Un atelier de renforcement des capacités des acteurs impliqués dans le Projet d’Apprentissage et d’Autonomisation des Filles en RDC (PAAF) a été officiellement ouvert le lundi à l’Institut Supérieur Pédagogique de Tshikapa. Cette activité s’inscrit dans le cadre de la mise en œuvre d’une évaluation approfondie de la formation initiale des enseignants du secondaire en République démocratique du Congo.
Prévu pour trois jours, cet atelier constitue une étape importante du dispositif méthodologique adopté par les autorités éducatives, en collaboration avec les partenaires techniques et financiers.
Il fait suite au focus group pilote organisé à l’ISP de la Gombe, à Kinshasa, du 18 au 20 décembre 2025, sous la supervision d’un consultant international.
Conformément au calendrier validé, les travaux de terrain sont désormais déployés dans dix provinces du pays, au sein des Instituts Supérieurs Pédagogiques retenus dans l’échantillon. L’objectif principal est de collecter des données qualitatives et institutionnelles fiables afin d’évaluer la qualité de la formation initiale des enseignants du secondaire.
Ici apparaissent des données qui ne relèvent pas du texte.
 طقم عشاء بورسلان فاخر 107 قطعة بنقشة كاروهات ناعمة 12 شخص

Pour cette étape, l’atelier réunit plusieurs acteurs clés du secteur éducatif, notamment le directeur provincial de l’Éducation nationale et Nouvelle Citoyenneté, le directeur général de l’ISP/Tshikapa, ainsi que des chefs d’établissements secondaires publics de la ville.
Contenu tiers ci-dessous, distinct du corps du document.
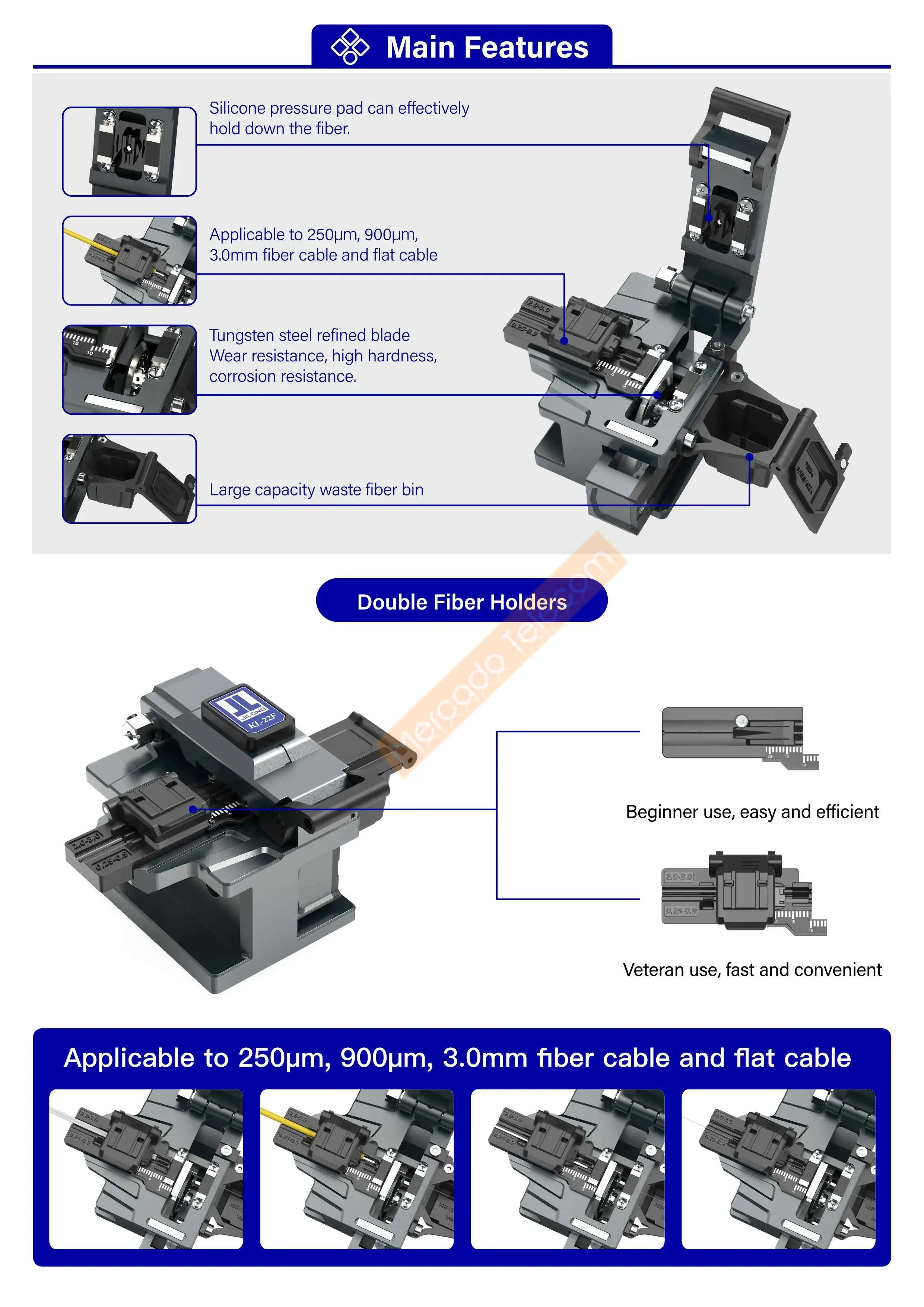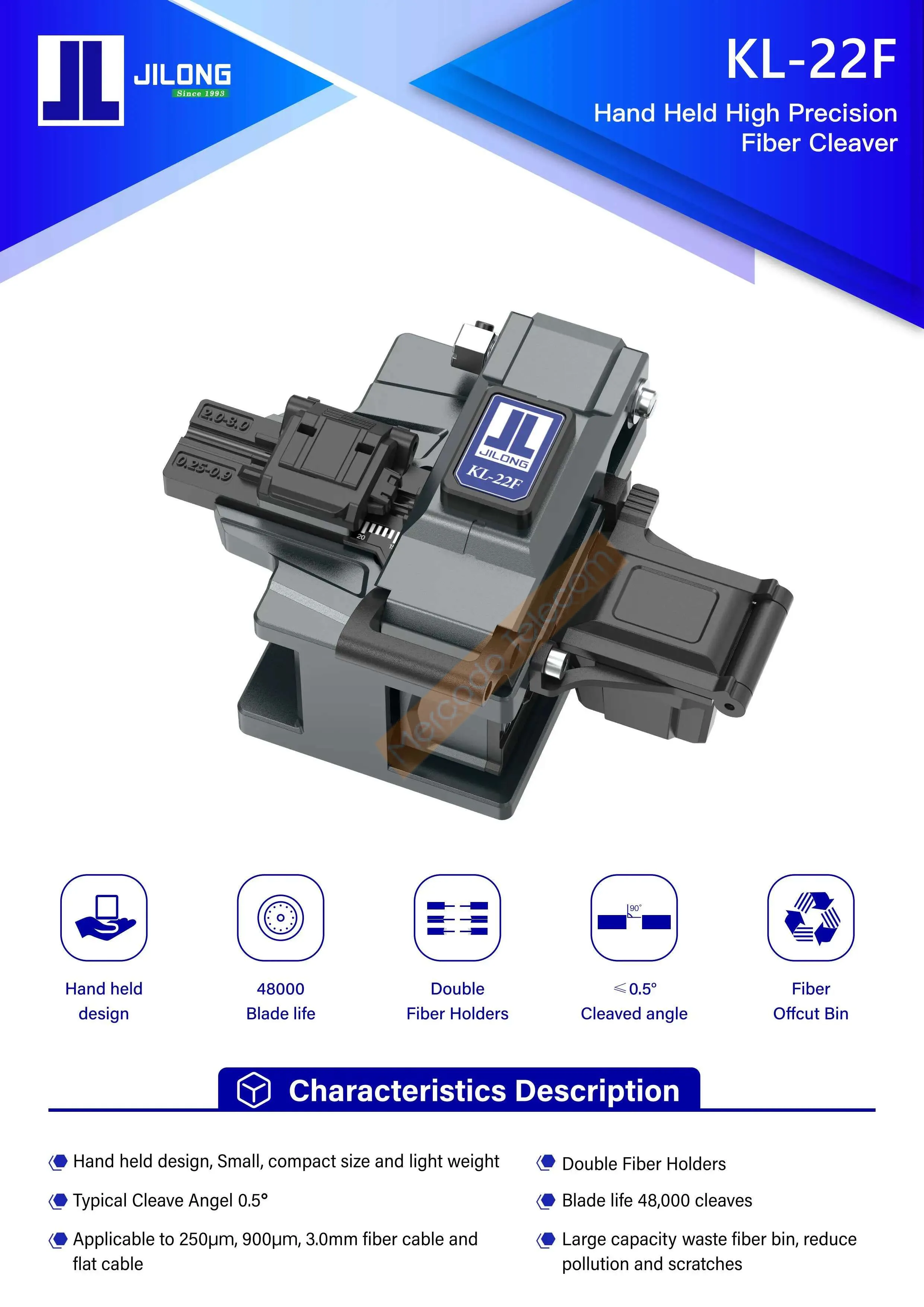 JILONG-cutilla de fibra de mano de alta precisión KL-22F, herramientas de cuchillo de corte de Cable de fibra óptica, hoja facial 16

Les échanges portent essentiellement sur la qualité de la formation, les défis rencontrés dans le système éducatif et les pistes d’amélioration visant à renforcer les compétences des futurs enseignants.
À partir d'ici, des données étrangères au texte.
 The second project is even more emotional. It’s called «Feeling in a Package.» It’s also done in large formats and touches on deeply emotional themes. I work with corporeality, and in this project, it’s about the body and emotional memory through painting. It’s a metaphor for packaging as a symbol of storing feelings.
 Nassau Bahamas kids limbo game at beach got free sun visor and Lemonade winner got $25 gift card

Dans son mot d’accueil, Noël Kiala a souligné l’importance stratégique de cet atelier pour le système éducatif congolais :
« L’atelier qui nous réunit aujourd’hui s’inscrit dans une dynamique essentielle : celle de contribuer à la production de données qualitatives et institutionnelles fiables. Ces données serviront de socle à une évaluation approfondie de la formation initiale des enseignants du secondaire en RDC. Il s’agit là d’un enjeu majeur, car la qualité de notre système éducatif dépend étroitement de la formation de bons enseignants », a-t-il déclaré.
Il a également remercié les partenaires techniques et financiers pour leur accompagnement dans la mise en œuvre du projet PAAF.
Cette activité s’inscrit dans une dynamique nationale visant à améliorer durablement la qualité de l’enseignement secondaire en RDC, à travers une meilleure structuration de la formation initiale des enseignants.
Depuis Tshikapa, les travaux se poursuivent dans un climat d’engagement et de collaboration entre les différents acteurs du secteur éducatif.